*** Given records ***
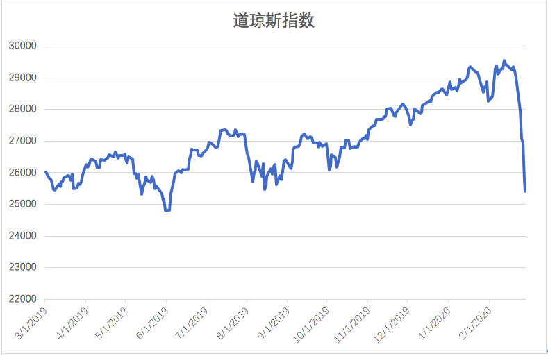 北京时间2月28日(周五)晚,美股开盘,三大股指再次集体大幅低开,延续了之前的暴跌之势。粗略计算,自2月12日高点至周五收盘,道琼斯指数下跌4142点,跌幅达到14%,基本在短短不到两周的时间内把从2019年道指至今的涨幅抹平了。
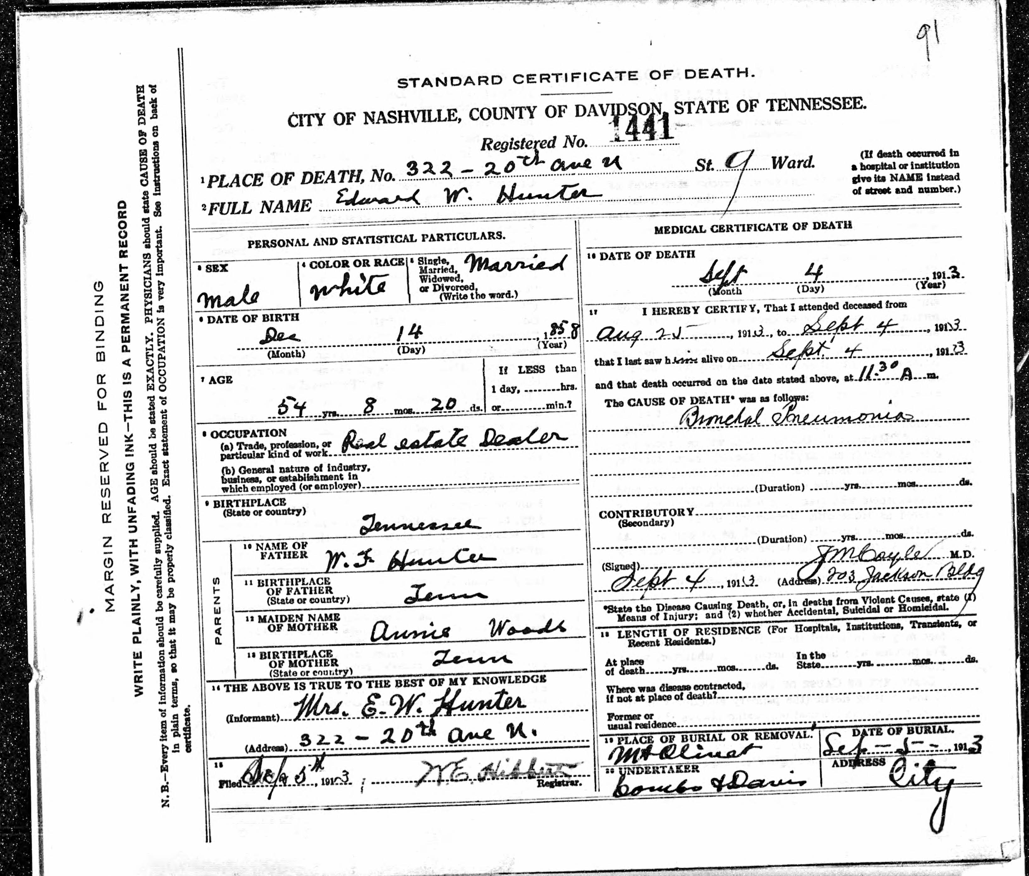 Certificate of Death - City of Nashville, County of Davidson, State of Tennessee
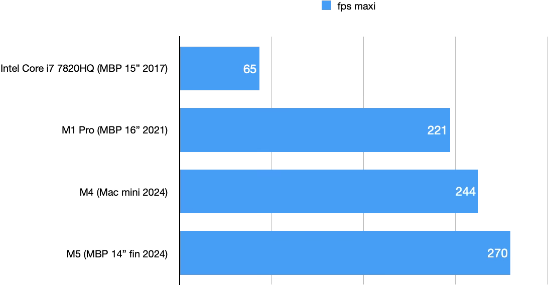 Et voilà les résultats "avg fps" (fps moyens lus à la fin, en bas à gauche) avec les Mac que j'ai sous la main :
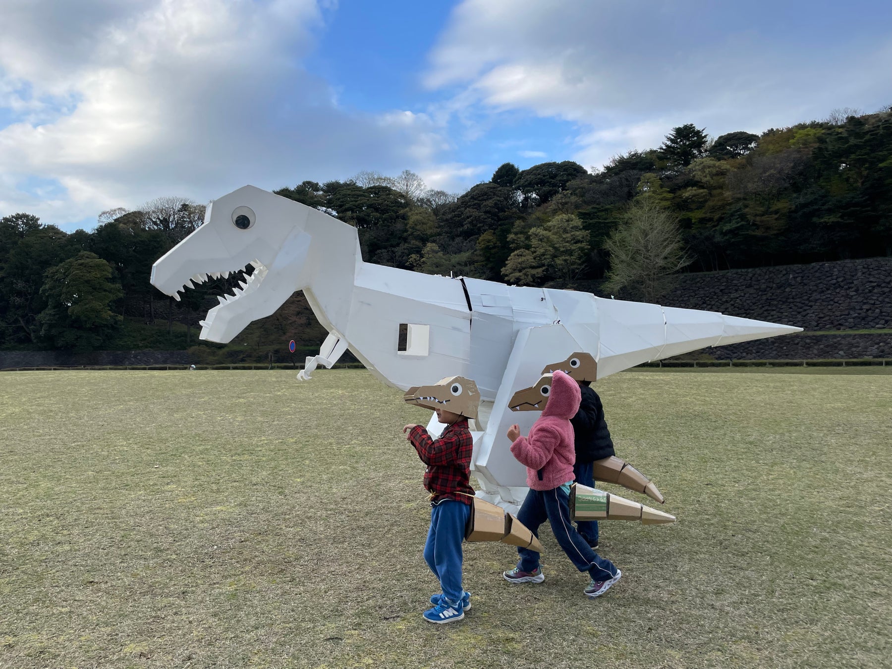 ②ヒゲキタさんの工作ワークショップ「作って恐竜になりきろう! 巨大恐竜シロと大行進!」
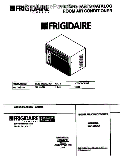 Parts for Frigidaire FAL123S1A6: 01 - Cover Parts
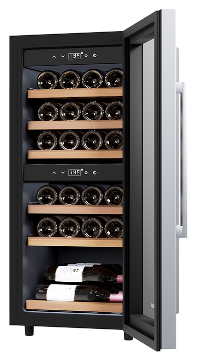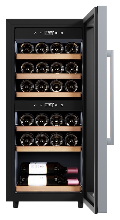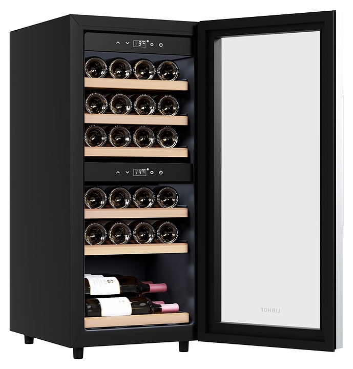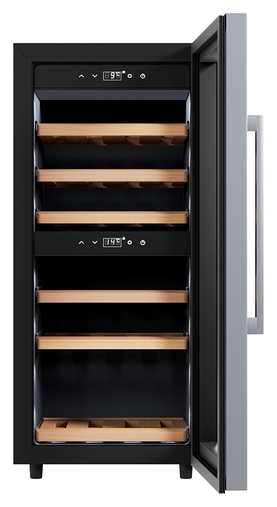 Винный шкаф Libhof Gourmet GQD-24 Black предназначен для хранения при оптимальных условиях бутилированного вина различных сортов в барах, ресторанах, специализированных магазинах, подсобных складских помещениях, а также в домашних условиях. Модель оснащена холодильной камерой с 2 независимыми температурными зонами, распашной дверью на скрытых внутренних петлях, длинной вертикальной рукояткой, прозрачным обзорным стеклом, внутренней сенсорной панелью управления и цифровым дисплеем с белой подсветкой индикации. Корпус выполнен из металла с антикоррозийным покрытием черного цвета, боковой профиль рамы двери и рукоятка – из металла с серебристой поверхностью, полки – из массива буковой древесины. В комплект поставки входят 6 полок с направляющими для размещения бутылок, крепеж для рукоятки, инструкция по эксплуатации и гарантийный талон. Особенности:
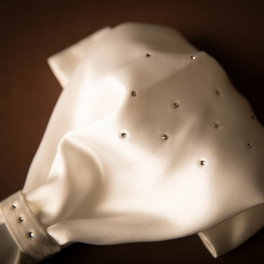 今までにない、まさに自分が欲しかったアスコットタイを商品化しました!!この商品だけを見るよりもジャケットを羽織ったときのことを想像してみてください。シンプルなジャケットが激変します!!光沢のある生地とひかえめにちりばめられたストーンがポイント。キラキラしすぎず上品な胸元になります。また見た目だけでなく、競技前の忙しいときにも簡単に装着できるよう首元の留めを前に持ってきてよりサイズ調整しやすくなっています。見た目・機能性、どれをとっても超オススメです☆★(anego)
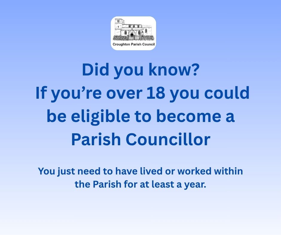 Have you ever thought about becoming a Parish Councillor? There are currently 4 vacancies on Croughton Parish Council which will be filled by co-option.
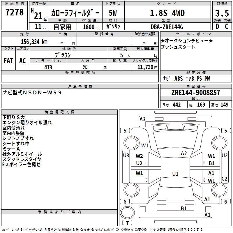 TOYOTA COROLLA FIELDER - лот 7278
*** End of Given records ***
Return exactly the lines from the one containing "Parts for Frigidaire" through the end of the records, leaving out every picture.

Answer below:
 Parts for Frigidaire FAL123S1A6: 01 - Cover Parts
 Винный шкаф Libhof Gourmet GQD-24 Black предназначен для хранения при оптимальных условиях бутилированного вина различных сортов в барах, ресторанах, специализированных магазинах, подсобных складских помещениях, а также в домашних условиях. Модель оснащена холодильной камерой с 2 независимыми температурными зонами, распашной дверью на скрытых внутренних петлях, длинной вертикальной рукояткой, прозрачным обзорным стеклом, внутренней сенсорной панелью управления и цифровым дисплеем с белой подсветкой индикации. Корпус выполнен из металла с антикоррозийным покрытием черного цвета, боковой профиль рамы двери и рукоятка – из металла с серебристой поверхностью, полки – из массива буковой древесины. В комплект поставки входят 6 полок с направляющими для размещения бутылок, крепеж для рукоятки, инструкция по эксплуатации и гарантийный талон. Особенности:
 今までにない、まさに自分が欲しかったアスコットタイを商品化しました!!この商品だけを見るよりもジャケットを羽織ったときのことを想像してみてください。シンプルなジャケットが激変します!!光沢のある生地とひかえめにちりばめられたストーンがポイント。キラキラしすぎず上品な胸元になります。また見た目だけでなく、競技前の忙しいときにも簡単に装着できるよう首元の留めを前に持ってきてよりサイズ調整しやすくなっています。見た目・機能性、どれをとっても超オススメです☆★(anego)
 Have you ever thought about becoming a Parish Councillor? There are currently 4 vacancies on Croughton Parish Council which will be filled by co-option.
 TOYOTA COROLLA FIELDER - лот 7278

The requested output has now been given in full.